(Xinhua) Hollywood’s largest actors union and the trade group representing major studios Tuesday resumed labor talks to renew an already expired contract, as possibilities of another industry-wide strike have faded.

The new round negotiations between the two sides, expected to meet Tuesday and Wednesday, are the first since November when their talks deadlocked after actors demanded better terms than other Hollywood professionals.

It is also the first talks after the Screen Actors Guild (SAG), which has more than 120,000 members in Los Angeles and New York, elected a more moderate board and fired their chief negotiator last month.

Negotiations between SAG and the Alliance of Motion Picture and Television Producers (AMPTP), which represents major movie studios and television networks, had been expected to resume earlier this month, but were put on hold when SAG’s president legally challenged the ouster of the union’s chief negotiator.

SAG President Alan Rosenberg went to court in hopes of overturning the reconstitute union board’s decision to oust SAG executive director and chief negotiator Doug Allen, claiming that Allen’s ouster violated California’s corporate code and should be nullified.
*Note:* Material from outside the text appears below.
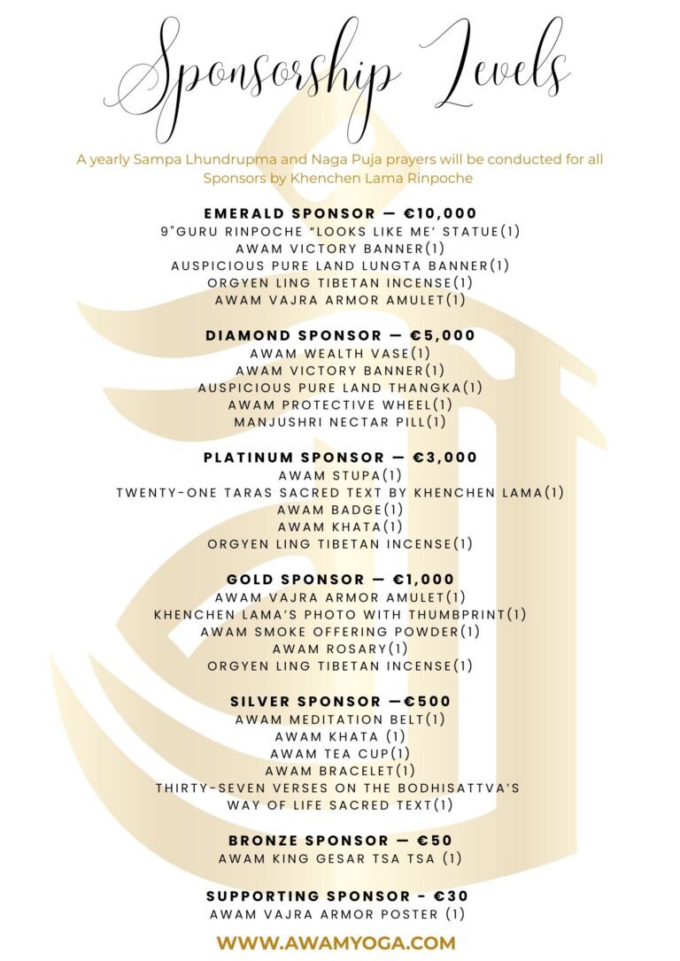 Each level of sponsorship (Emerald to Silver) is respectfully acknowledged with a set of five Dharma items. Bronze and Supporting Sponsors receive the Awam King Gesar Tsa Tsa and Awam Vajra Armor Poster respectively. These offerings are not a transaction, but a gesture of gratitude for helping sustain the Dharma and this sanctuary.

But a Los Angeles Superior Court judge disagreed, ruling that the board was ‘permitted to do exactly what they did.’

The SAG contract covering motion picture and television production expired June 30 last year. Contract talks deadlocked when SAG demanded better terms than other entertainment industry unions, including unions of writers and directors, received.
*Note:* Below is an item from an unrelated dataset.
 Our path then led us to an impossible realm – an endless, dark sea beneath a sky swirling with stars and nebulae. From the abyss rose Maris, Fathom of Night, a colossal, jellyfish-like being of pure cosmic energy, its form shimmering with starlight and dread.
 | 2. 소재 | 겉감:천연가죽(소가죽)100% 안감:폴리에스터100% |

It was reported that the main sticking points during the negotiations have been the amount of pay for programming shown over the Internet and DVD sales.

With contract talks stalled, some SAG leaders pushed for the union to hold a strike-authorization vote from its members on January 2, but it was postponed amid growing dissension within the union, leading to fears that the vote would fall short of the required 75 percent yes vote.